I am trying to understand how to compute the Lie Algebra of a Lie Group and am having a bit of difficulty in answering a question.
The question asks to show that a suitable basis of $\mathfrak{so}(n)$ can be given by: $$(T_{ab})_{c}^{d} = i(\delta_{ac}\delta_{b}^{d} – \delta^{d}_{a}\delta_{bc})$$ Where $a,b,c,d \in 1,\dots,n$. And $\mathfrak{so}(n)$ is the Lie algebra of SO(n).
I'm unsure if it suffices to show that the generators of the algebra are traceless and anti-symmetric and show that all possible such matrices are linear combinations of $T_{ab}$?
Best Answer
There are many ways of dealing with lie algebras. For instance, we can consider two possible descriptions:
$\bullet $ From lie group: every lie algebra $\mathfrak{g}$ is the tangent space of the corresponding lie group $G$ at the identity: $\mathfrak{g}\cong T_e(G)$. Its relation is given by the exponential map: If $g\in \mathfrak{g} \ $,$\ \exists \ T \in G$ such that $g = \exp[T]$.
In fact, the third Lie's theorem ensures that every Lie algebra comes from a lie group.
The other possible description is via the abstract definition:
$\bullet$ From the very definition of an abstract lie algebra: A vector space with a commutation relation satisfying Jacobi identity. From this definition it sufficies to define generatos $\{T_a\}_{a=1,\cdots, \dim(\mathfrak{g})}$, i.e., the basis of the vector space, and the commutation relations $[T_a,T_b]=f_{\ ab}^cT_c$, which gives rise to the so-called structure constants and, in fact, they caries the information about the commutation relation.
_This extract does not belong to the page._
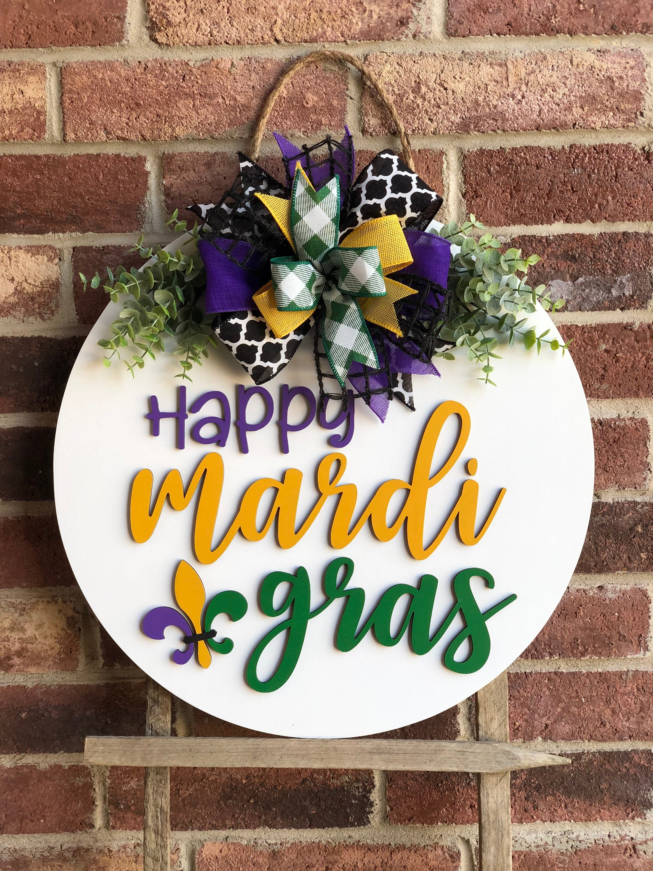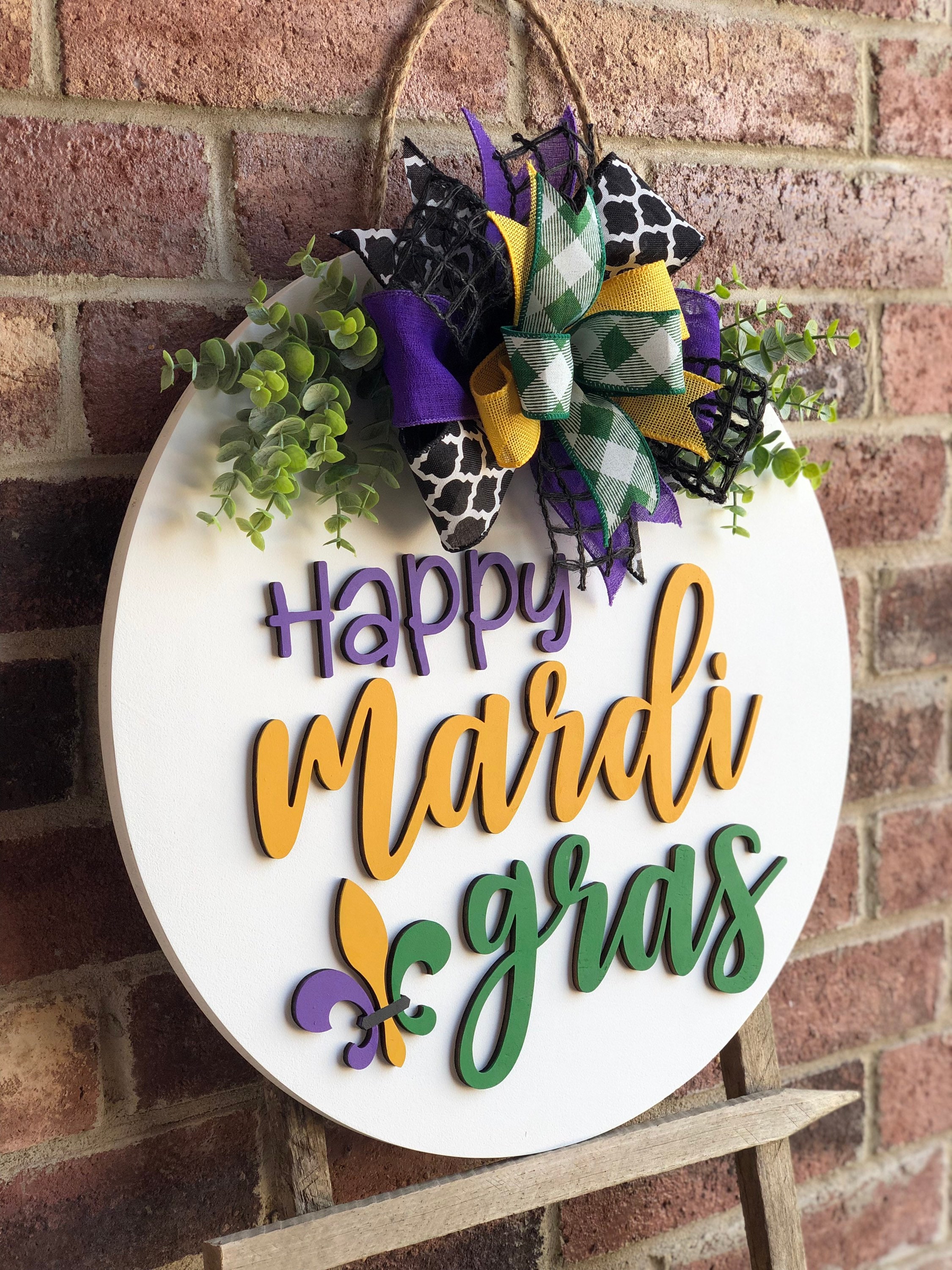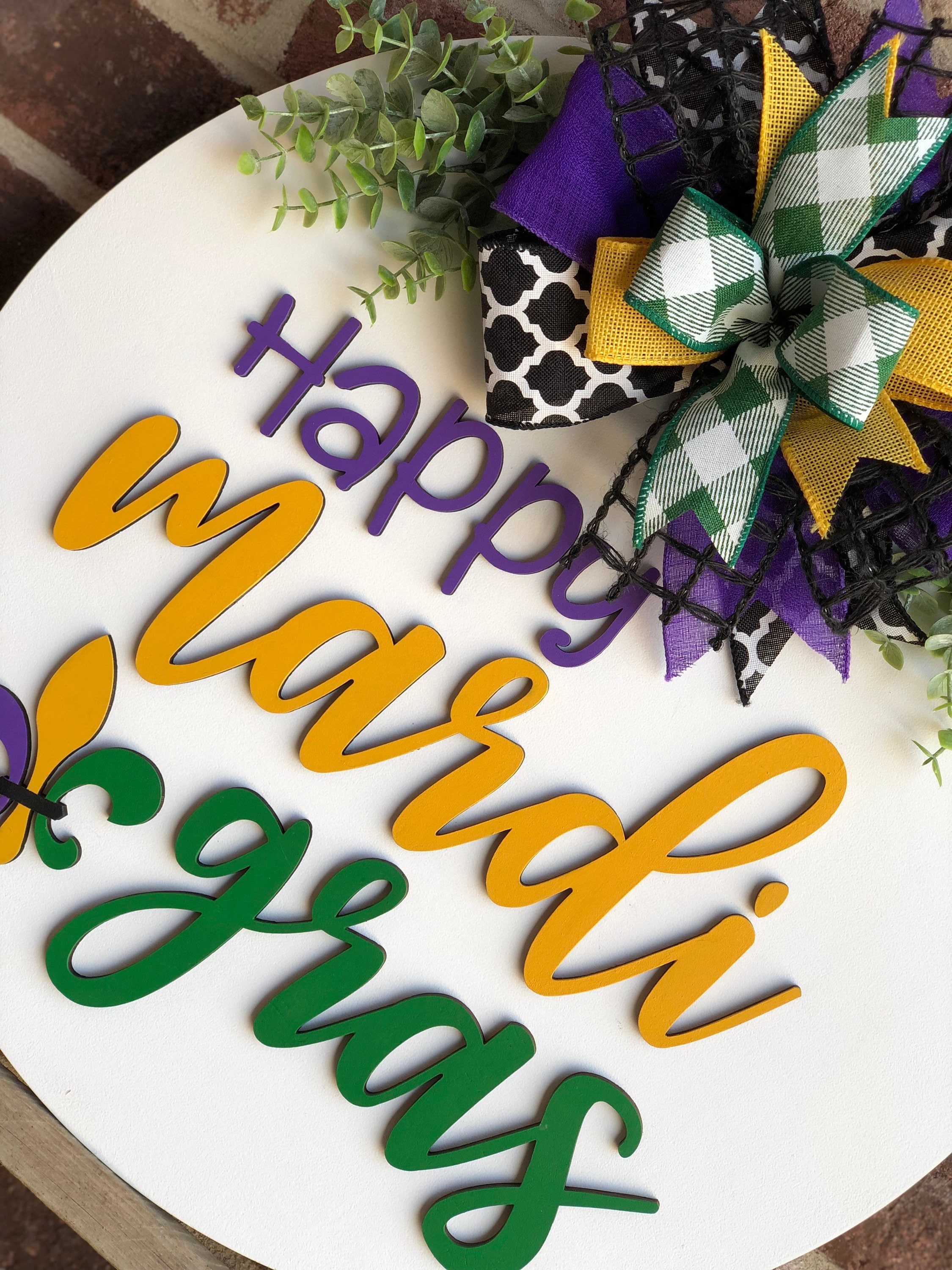 Mardi Gras Front Door Decor, Mardi Gras Door Hanger, Wood Mardi Gras Wreath, Fleur De Lis Porch Decor, Home Decor, Rustic Farmhouse Outdoor

As you may know, the lie algebra $\mathfrak{so}(n)$ carries this name because it is the lie algebra that comes from the $SO(n)$ lie group. Therefore, if $T\in\mathfrak{so}(n)$, $(e^T)^{tr}=(e^T)^{-1}$ and $\det(e^T)=1$, which implies respectively $T^{tr}=-T$ and from $\det(e^T)=e^{trace(T)}$, that $trace(T)=0$. This is the reason why $\mathfrak{so}(n)$ is the algebra of traceless anti-symmetric matrices.
This is fine. Now we can ask why $(T_{ab})^d_c = \delta_{ac}\delta^d_b - \delta^d_a\delta_{bc}$ is really a base for this algebra. To answer this, we first notice the notation. The $ab$ indices just organize the generators as entries of a $n\times n$ anti-symmetric matrix. In fact, as you can see, $T_{ab}=-T_{ba}$. It will be easily proven that $\{T_{ab}\}_{1\le a<b \le n}$ is a Linearly Independent set. As you can compute, there are $n(n-1)/2$ independent entries on an anti-symmetric matrix, and then, $T_{ab}$ will correspond to the $n(n-1)/2$ independent generators of the $\mathfrak{so}(n)$ algebra, that in fact has dimension $n(n-1)/2$.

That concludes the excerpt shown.